City Asked For Big Damages For The Summer Flood image
Parent Issue
Day
2
Month
January
Year
1903
Copyright
Public Domain
OCR Text

Twenty-Five Claims for Flood Damages Aggregate the Sum of $15,125

A Test Case Will Undoubtedly Be Carried to the Supreme Court — The Damage Was Caused Last July

The city of Ann Arbor is asked to pay $15,125 damages caused by the flood along Allen's creek July 7, last. Twenty-five claims for damages have been carefully prepared aggregating $15,125.

Arthur Brown and John F. Lawrence are the attorneys for 19 claimants as follows:

Lawrence Sutter ........$ 500
Ella L. Schroeder ........ 400
Susan M. Armstrong ........ 300
Willard Banfield ........ 150
Joseph Cebulski ........ 500
John Adam Schroeder ........ 500
Adolph P. Kern ........ 250
Wm. F. and Pauline Armstrong. 200
Robert Ross ........ 600
Caroline Ross ........ 500
Edward Ross ........ 75
George W. Sweet ........ 800
John M. and Florence E. Bird ... 1,000
Arthur Hagan ........ 300
Henry Richard ........ 3,500
Hugh McGuire ........ 200
Margaret McGuire ........ 150
Geo. A. and Ellen A. Smith ........ 400
Matilda L. Perrine ........ 100

Cavanaugh & Wedemeyer are attorneys for six claimants as follows:

John Collins estate ........ $1,200
Frank E. Colon ........ 150
Louis Rohde ........ 1,200
Thomas J. Keech ........ 350
Schlimmer Bros. ........ 1,000
C. J. Shoeman ........  500

The ground on which the liability of the city is maintained is that the storm sewers and the abandonment of the old race threw a much larger volume of water into Allen's creek, while no adequate culverts were constructed to carry it away.

The lawyers thus state it:

"That the reason of the aforesaid flood was in large measure due to the action of the city and its officers; that the storm sewers heretofore constructed on Huron and Washington streets and the sewer known as the Hill street sewer diverted a large quantity of water from the natural course or channel in which it had been accustimed to flow and shortened the course of said water and precipitated it in a much shorter time and in much greater quantities into said Allen's creek, that the culverts were insufficient to carry the water in times of high water and that the city had had notices of the unsafe and dangerous condition; that the city had purchased the race alongside the creek and filled up the same and diverted the water that was accustomed to flow in said race into Allen's creek."

It is not believed by the attorneys for the claimants that any of these claims will be settled without suit or until the supreme court has passed upon the questions involved.
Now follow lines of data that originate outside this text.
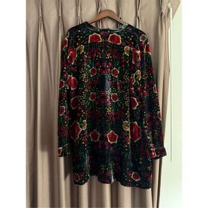 Johnny Was Velvet & Silk Floral Button Up Tunic sz XL NWOT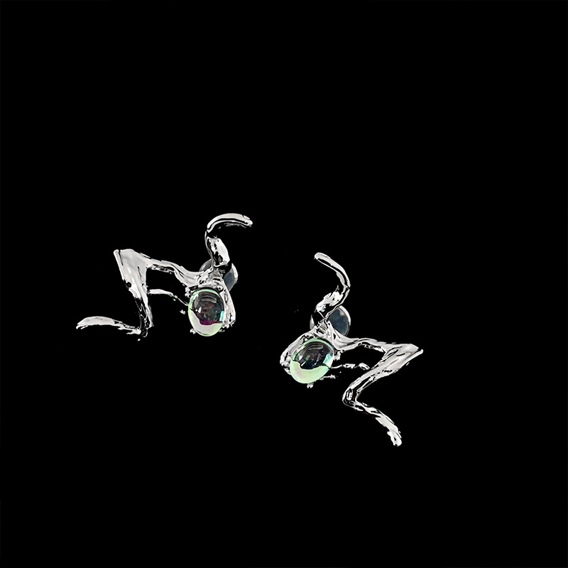 原创甜酷辣妹液态金属耳环女气质高级感欧泊石耳饰小众设计感耳钉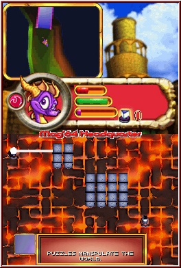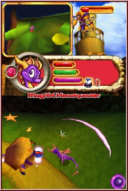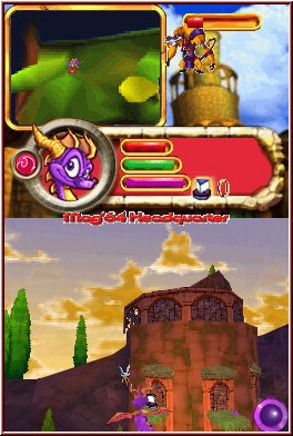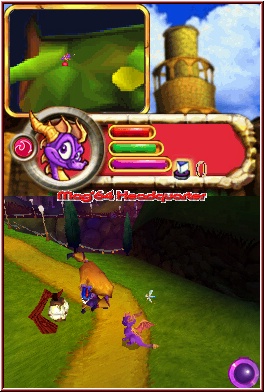 Eingeteilt ist das Spiel erneut grob in 4+ Welten. Neben den 4 Hauptwelten im Spiel existieren Abschnitte davor und am Ende. Gerade der Anfang ist auch hier recht positiv als Einstimmung gedacht und bietet sich als Tutorial an. In Sachen Screens folgt die DS Versionen festen Gesetzen. Während im Touch Screen die eigentliche Action tobt, sorgt der Top Screen für Infos und Übersichten. So werden euch dort verschiedene Leisten angezeigt, die unter anderem die Lebensenergie wiederspiegeln, sowie Spyros magische Ressourcen um seine Special Attacken zu benutzen. Positiv das man auch hier vom Sparx System abgewichen ist und ihm wieder eine richtige Lebensleiste spendiert hat. Der vielleicht größte Unterschied zum Vorgänger und allen Handheld Spielen rund um den kleinen lila Racker ist die Sichtweise. Willkommen im 3D Zeitalter was die Handhelden angeht und das ganze erinnert sehr schnell an viele N64 Jumper in dieser Machart. Auch weil sich die Entwickler hier und da dem Thema Weitsicht Verhüllung gewidmet haben. Ihr schaut also diesmal in der typischen, leicht erhöhten Sichtweise auf den kleinen Spyro.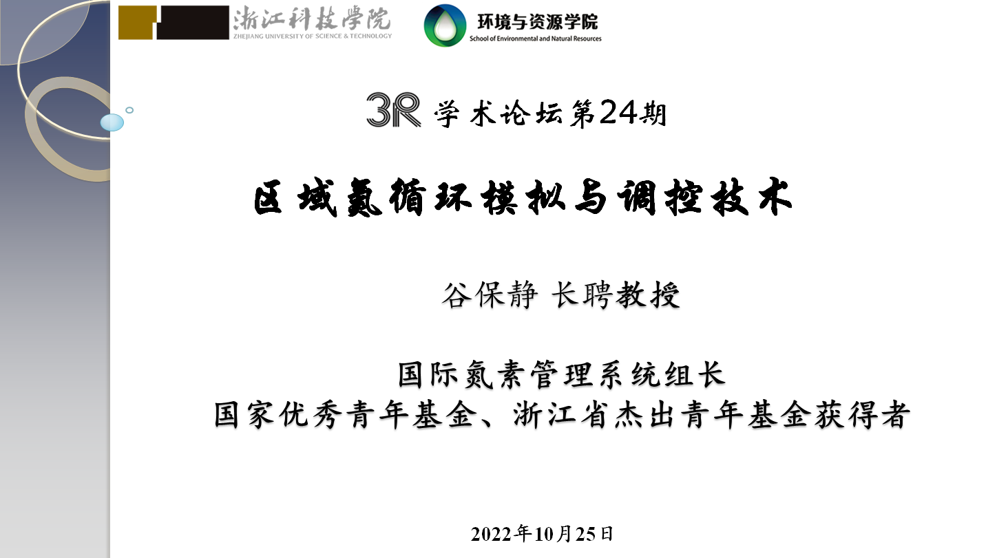 2022年10月25日下午,应浙江科技学院suncitygroup太阳集团孟俊副研究员邀请,国家优秀青年基金和浙江省杰出青年基金获得者浙江大学谷保静教授到访suncitygroup太阳集团并做题为“区域氮循环模拟与调控”的学术报告,报告由副院长张进教授主持,环境工程专业教师和硕士研究生等参加了本次报告会。

A test case will undoubtedly be made of the claim of Henry Richards and it is not unlikely that it will be tried in the March term of court.

The city's defense will undoubtedly be that the flood was an act of God; that there was a cloudburst in the Second and Third wards, and that the damage was caused by water from that direction and not from the storm sewers.

There can be no question as to whether or not the flood sufferers were damaged. The question is on the city's liability.